We have already noted that there is a special rule for the base image in the FROM statement. Once a base image is loaded, it is reused in all subsequent builds until the “--pull” parameter is specified in the “docker build” command.

When an ADD or COPY statement is encountered, the Builder obtains a hash of the content of source files. Although the name of the source file may be the same in the Dockerfile, it does not regard the statements as being identical if the content of the source file is different from the content in the previous build.
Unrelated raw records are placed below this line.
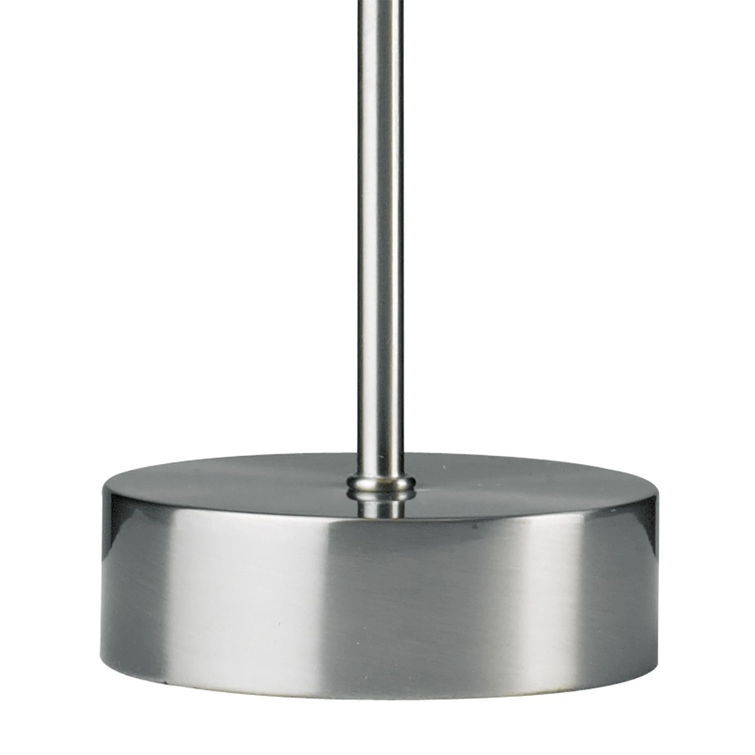 The SUZIE touch table lamp has a drum shade of faux suede in cream atop a satin chrome base. This touch lamp has a neutral shade, small footprint and slender stem, so will fit anywhere in your home.
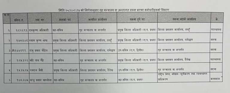 गृह मन्त्रालयका अनुसार तनहुँको प्रमुख जिल्ला अधिकारी बनाएर पठाइएको छ । तनहुँका प्रमुख जिल्ला अधिकारी श्यामकृष्ण थापालाई रामेछापको प्रमुख जिल्ला अधिकारी बनाएर पठाइएको छ । गृह मन्त्रालयमा रहेका सहसचिव बद्रीनाथ गैह्रेलाई दैलेखको प्रमुख जिल्ला अधिकारी बनाएर पठाइएको छ ।
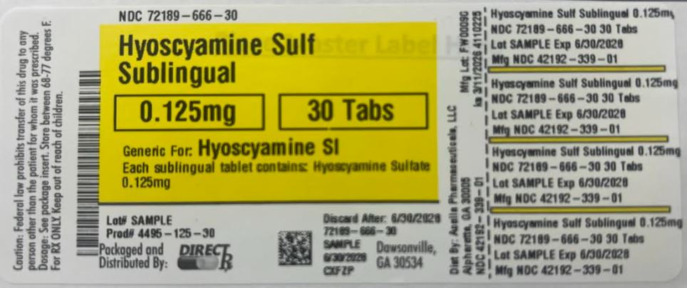 Hyoscyamine Sulfate SLis supplied as round, green, peppermint flavored tablets with "39" debossed on one side. They are available in bottles of 30 tablets, NDC: 72189-666-30.

However, this does not solve the problem when a RUN statement explicitly or implicitly references source files in some network server. In particular:

RUN apt update && apt upgrade -y

implicitly references the current packages provided by the image vendor. These packages will change whenever there is a fix to an important bug, but there is no way for the Builder to determine if new packages are available.

To make sure that the latest data is used to build images, Jenkins also specifies the “--no-cache” parameter on a “docker build”. This parameter disables the Builder optimization and forces every image build to re-execute all the statements in the Dockerfile.

Again, since this is the default in Jenkins processing, it should be specified explicitly in the “docker build” command you run in your development sandbox to build images for initial testing.

Although this parameter forces each Dockerfile command to be run again, if the command generates the exact same layer (in this case, if no new packages were added and the “apt upgrade” therefore reapplies the same packages and ends up building the same layer as the previous Dockerfile build, then the new layer will have the same content hash and the Engine layer cache will already have a copy and reuse it. This also applies when you “docker push” an image you built to an image registry like Harbor. Even though you reran each line in the Dockerfile, if you generated a layer with the same contents and hash as a previously generated layer then Docker will discover this and will report that the layer already exists and therefore did not have to be pushed to the destination registry.